Provided entries Block Start

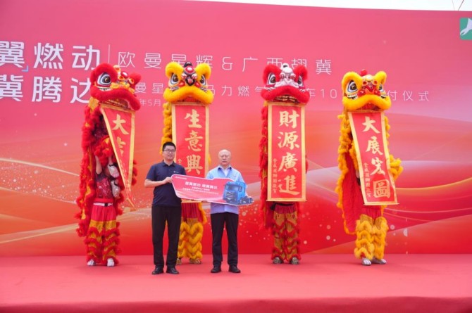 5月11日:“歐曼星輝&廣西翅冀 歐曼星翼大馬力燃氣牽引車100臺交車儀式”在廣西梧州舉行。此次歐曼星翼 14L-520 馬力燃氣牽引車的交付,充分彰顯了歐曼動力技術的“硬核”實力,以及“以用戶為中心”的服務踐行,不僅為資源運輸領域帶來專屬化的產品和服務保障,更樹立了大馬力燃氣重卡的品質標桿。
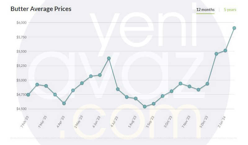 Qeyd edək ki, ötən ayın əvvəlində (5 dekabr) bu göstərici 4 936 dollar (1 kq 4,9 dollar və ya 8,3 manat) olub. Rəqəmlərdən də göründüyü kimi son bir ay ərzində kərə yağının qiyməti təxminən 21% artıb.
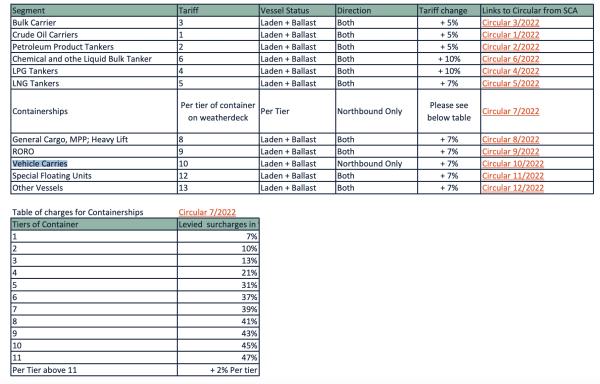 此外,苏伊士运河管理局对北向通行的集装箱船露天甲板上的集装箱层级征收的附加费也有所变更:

Provided entries Block End
Provided entries Block Start

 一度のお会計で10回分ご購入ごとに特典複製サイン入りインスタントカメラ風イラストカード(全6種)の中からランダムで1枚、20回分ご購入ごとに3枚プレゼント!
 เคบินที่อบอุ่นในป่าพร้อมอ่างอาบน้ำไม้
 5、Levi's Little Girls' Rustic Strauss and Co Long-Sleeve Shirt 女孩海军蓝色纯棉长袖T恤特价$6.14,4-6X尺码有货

Provided entries Block End

**What needs to be done:**
In the listing above, find the line holding "一度のお会計で10回分ご購入" and the line holding "5、Levi's Little Girls'", then output those two lines and every line between them exactly.

**Response to the exercise:**
 一度のお会計で10回分ご購入ごとに特典複製サイン入りインスタントカメラ風イラストカード(全6種)の中からランダムで1枚、20回分ご購入ごとに3枚プレゼント!
 เคบินที่อบอุ่นในป่าพร้อมอ่างอาบน้ำไม้
 5、Levi's Little Girls' Rustic Strauss and Co Long-Sleeve Shirt 女孩海军蓝色纯棉长袖T恤特价$6.14,4-6X尺码有货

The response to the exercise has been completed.